NORTHAMPTON – Customers and company staff, as well as anyone else entering an indoor public space in the city, will once again be required to wear a properly fitted mask over their mouth and nose starting Wednesday.
The Board of Health voted Monday night to reinstate a mask mandate in response to the resurgence of coronavirus infections after a presentation by public health experts who described an increase in local cases due to the delta variant of the virus.
The council voted to allow Director of Public Health Merridith O’Leary to finalize the language of the order in consultation with city attorney Alan Seewald, and O’Leary asked the council to give the public 24 hours for preparing. Exemptions include children under 5 and anyone who cannot wear a mask due to a health problem.
In a virtual hearing attended by at least 80 people, the council heard from business owners and local leaders, who had different views on the importance of wearing a mask in order to slow down the process. spread of the virus that causes COVID-19. Some asked for a mandate to protect public health, while others expressed concern about possible economic consequences and human rights violations.
“We understand that preventative measures are needed, but individuals have had the option of being vaccinated or not being vaccinated for months,” said James Przypek, general manager of the Three County Fair. “Individuals have had the option of wearing a mask or not wearing a mask for months. We ask you not to take away the right of individuals to make their own choices. “
Przybek said a mask warrant “would seriously affect business at the Tri-County Fair, including the New England paint horse show taking place this weekend.”

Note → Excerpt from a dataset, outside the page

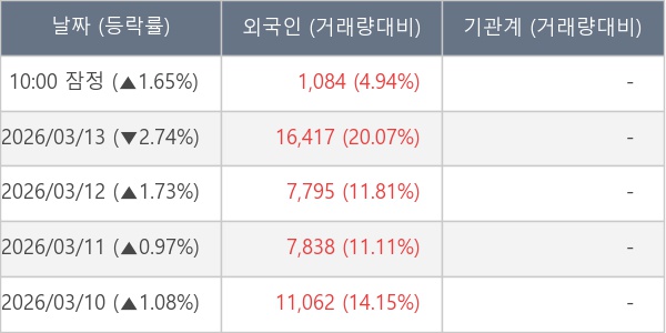 [표] 외국인ㆍ기관 순매매량 (단위 주)

Bud Neiswender, owner of Inspirit Crystals, said the downtown business has started requiring masks for all customers and staff in the past few days. Other businesses in town have their own mask requirements, if any.
“We would be really (mistakenly) careful, and we also have a rule across Northampton that we can enforce, so customers will know what to expect more easily,” said Neiswender. “The more secure we keep our staff, the more likely we are to be able to stay open. “
The health department is currently investigating an outbreak linked to an indoor workplace in the city, public health nurse Vivian Franklin said, and at least half of people in the “small-scale cluster” of cases have been fully vaccinated.
“All of these people have become symptomatic and there is evidence of transmission” between people with various vaccine statuses, said Franklin, who added that there are confirmed cases of the delta variant in the city. “It has become the predominant circulating variant and now accounts for over 90% of cases in the country and at least 85% of cases in the state. “
Hampshire County is considered to be at moderate risk for community transmission of the coronavirus based on positive test results over the past seven days, Massachusetts’ lowest risk level, according to the Centers for Disease Control and Prevention. All other counties are at substantial or high risk.
A “moderate” risk means 5-7.99% of COVID-19 tests are positive.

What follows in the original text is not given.